When the body was found, investigators examined remnants of skin found on the victim's fingernails that appeared to match Costa, who had suspicious scratches on his face. Not long after, he was arrested and confessed to the crime. As a result, he was sentenced to an additional 21 years imprisonment and returned to the prison.

=== Psychiatric evaluation and release ===
In 1946, the prison's Anthropological Office ordered that Costa must undergo a psychiatric evaluation to determine what caused him to commit his crimes.
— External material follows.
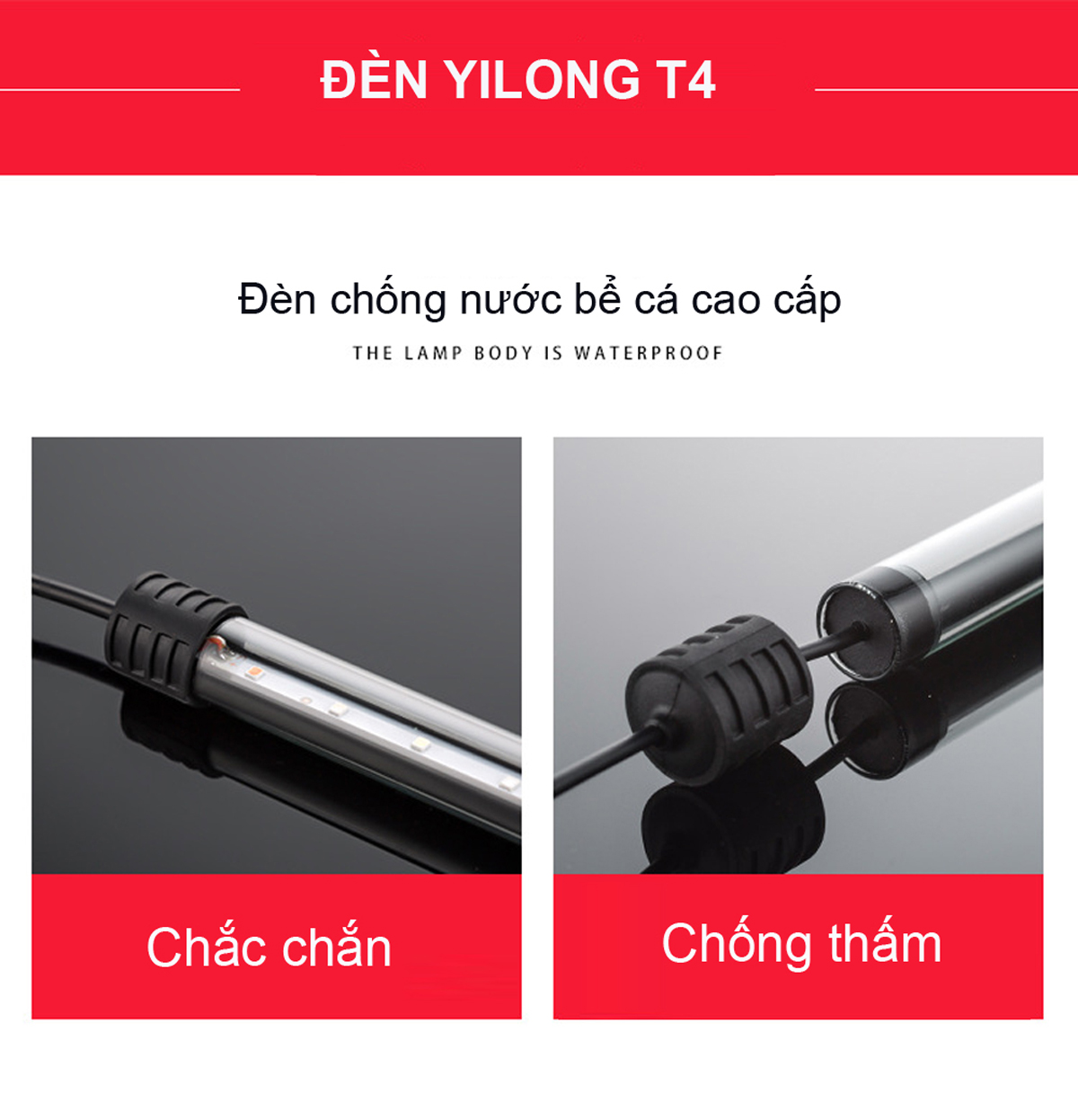 • Đèn bể cá cảnh sở hữu hệ thống khép kín, chống thấm nước, chống rò điện, và tuyệt đối an toàn cho người sử dụng.

After four months of observation, the psychiatrists concluded that he was an "instinctive pervert, sadist and necrophiliac" who posed a high risk to those around him and should not be released under any circumstances. This decision was supported by the Anthropological Office's board.

However, in 1948, Costa requested that he be paroled, citing state law that explicitly stated that prisoners should serve a maximum of 30 years of their sentence. His appeals were processed several times, almost always being denied. When he reached the Federal Superior Court, however, Justice Dionisio Lima da Silva decided to grant his request despite the protests of psychiatrists, and on June 7, 1950, Costa was released.

=== Universina Alves ===
Shortly after his release, Costa moved to the Jardim Floresta neighborhood of Porto Alegre. On the night of Easter Sunday on April 13, 1952, he went drinking in several bars together with 43-year-old Universina Alves Maria de Almeida, a local saleswoman who peddled combs and other small objects. He eventually convinced her to have sex with him, and the pair agreed to go back to his house.

Once they went in, Costa again revealed his sexual fetishes and was promptly denied. Angered by the refusal, he strangled Alves and then had sex with her corpse, before throwing her naked body into a well he had on his property.

==Investigation and arrest==
On April 26, the property manager went to the house to check on some crops. He was accompanied by his little daughter, who was playing around the well when she noticed that there was something at the bottom of it. Initially, it was believed that the body belonged to Costa, as he had been missing for a few days, but after it was removed, it was determined to belong to a woman. The police soon raided the house, finding dried bloodstains on the floor, bloodstained clothes and sheets, as well as numerous photographs depicting various people engaging in explicit sexual acts. A warrant was issued for Costa's arrest, and he was caught mere hours later.

Initially, the press referred to the victim as 'Sueli', but her real identity was established four days later. It was established that Alves also had a criminal background - the daughter of a Brazilian father and Uruguayan mother and with a twin sister, she ran away from her home at age 13 to be with an older man. In 1924, when she was 24, she killed her second lover, Pedro de Tal, with a hatchet and served a prison sentence before being paroled in 1932. She then settled in Porto Alegre, where she gained notoriety for her alcoholism, due to which her house was called "The Drunken Castle" by locals.

=== Imprisonment and aftermath ===
Due to the overwhelming amount of evidence against him, Costa was convicted and sentenced to 84 years imprisonment. In total, his three murders netted him a total of 130 years imprisonment, making it one of the longest sentences handed down at the time. In addition, he was considered one of the longest-serving inmates in the state of Rio Grande do Sul, having been repeatedly incarcerated since 1922.

In 1957, Costa had his leg amputated due to an infection. He died at age 87 of cachexia in 1967, still serving time in the State Penitentiary.